Provided entries:
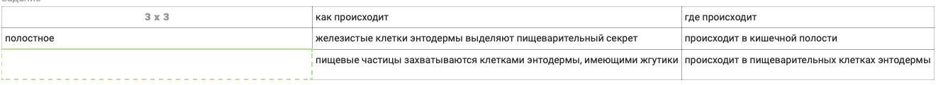 Рассмотрите таблицу "Пищеварение у гидры" и вставьте пропущенное слово в пустую ячейк
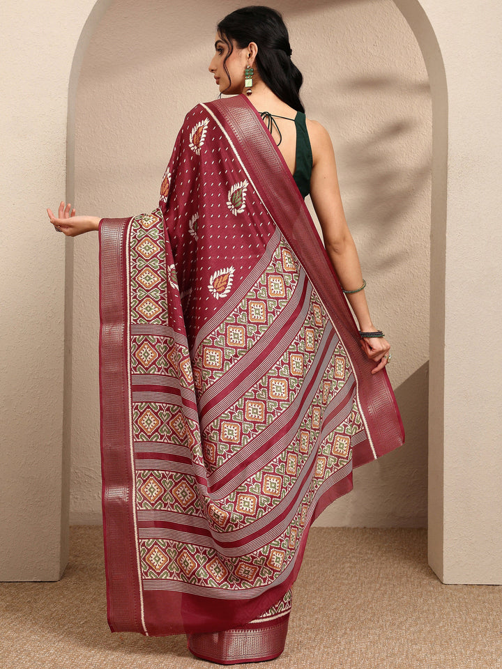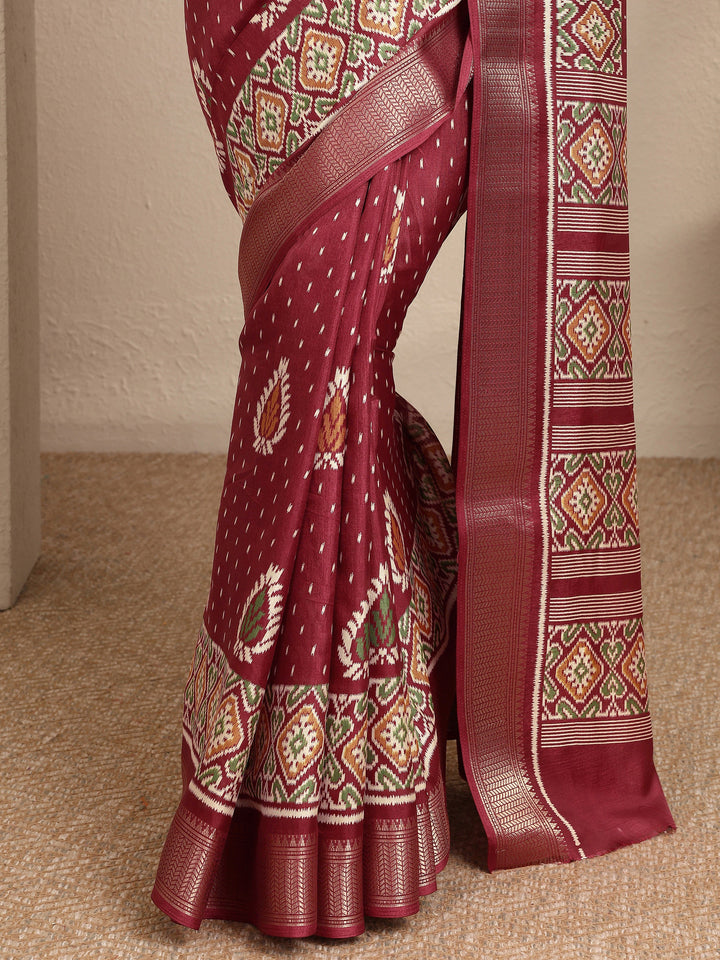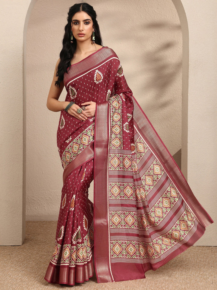 Brown Printed Silk Blend Saree With Unstitched Blouse Piece
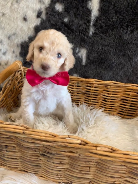 Watching the puppies grow and trying to determined if they would be flat coat golden doodles (retriever style) or have facial furnishings took patience. Early on I knew what six of the puppies coat type would be but, the other five I had to wait until I could or couldn’t see facial furnishings growing. I am impatient so waiting is not easy but, finally I was able to determine the coat type of four of the last five puppies in question.
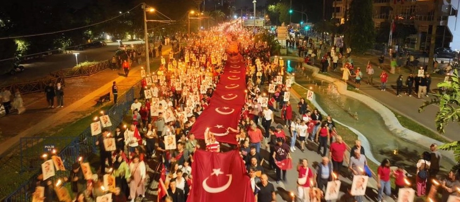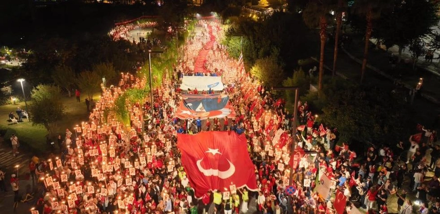 Konyaaltı Varyant'ta toplanan kalabalık yürüyüş güzergahını doldurdu. Antalya Valisi Hulusi Şahin, Büyükşehir Belediye Başkan Vekili Büşra Dirgen Özdemir, sivil toplum kuruluşlarının temsilcileri ve yüzlerce vatandaşın katıldığı yürüyüşte 400 metrelik dev Türk bayrağı taşındı.
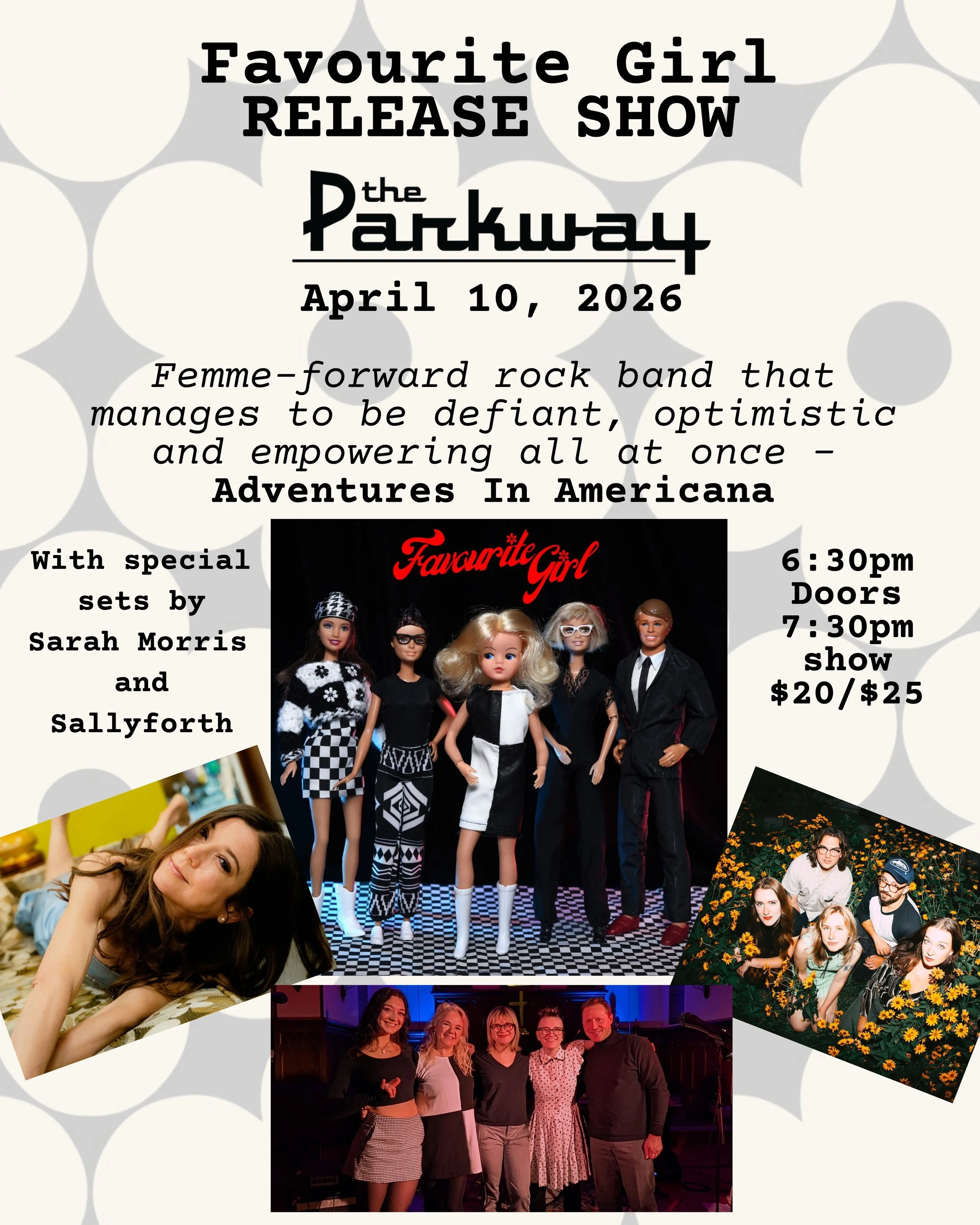 Celebrate the highly-anticipated debut album by Favourite Girl, the new project led by British songwriter Katy Vernon, who has been performing original melodic folk pop for over 25 years in the Twin Cities and in the UK. Joined by Allie Pikala, Daisy Forester, Alyse Emanuel, and Paul Odegaard — Favourite Girl blends harmony, rock, and a dash of brass! “A femme-forward rock band that manages to be defiant, optimistic, and empowering all at once” (Adventures in America). Opening the night are sets by Sarah Morris and Sallyforth.
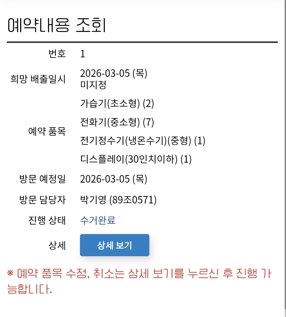폐가전 배출했습니다
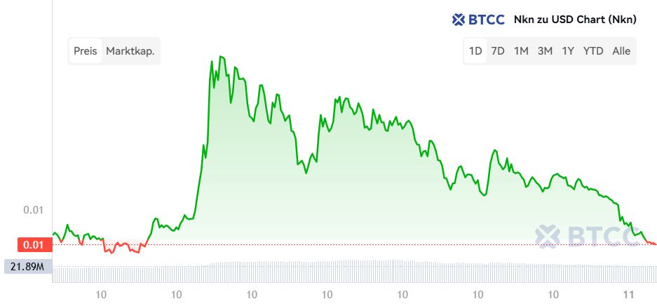 就在三天前,NKN 的价格跌至历史新低,约为 0.0045 美元。几乎无人问津,交易量惨淡,关注度也极低。然而,市场随后急转直下:24 小时内,价格飙升超过 140%。自此,NKN 重新出现在人们的视野中。

Directions for this task: Working from the line containing "Celebrate the highly-anticipated" to the last line of the data, retype every line exactly, both ends included, and leave out all pictures.

Task output:
 Celebrate the highly-anticipated debut album by Favourite Girl, the new project led by British songwriter Katy Vernon, who has been performing original melodic folk pop for over 25 years in the Twin Cities and in the UK. Joined by Allie Pikala, Daisy Forester, Alyse Emanuel, and Paul Odegaard — Favourite Girl blends harmony, rock, and a dash of brass! “A femme-forward rock band that manages to be defiant, optimistic, and empowering all at once” (Adventures in America). Opening the night are sets by Sarah Morris and Sallyforth.
폐가전 배출했습니다
 就在三天前,NKN 的价格跌至历史新低,约为 0.0045 美元。几乎无人问津,交易量惨淡,关注度也极低。然而,市场随后急转直下:24 小时内,价格飙升超过 140%。自此,NKN 重新出现在人们的视野中。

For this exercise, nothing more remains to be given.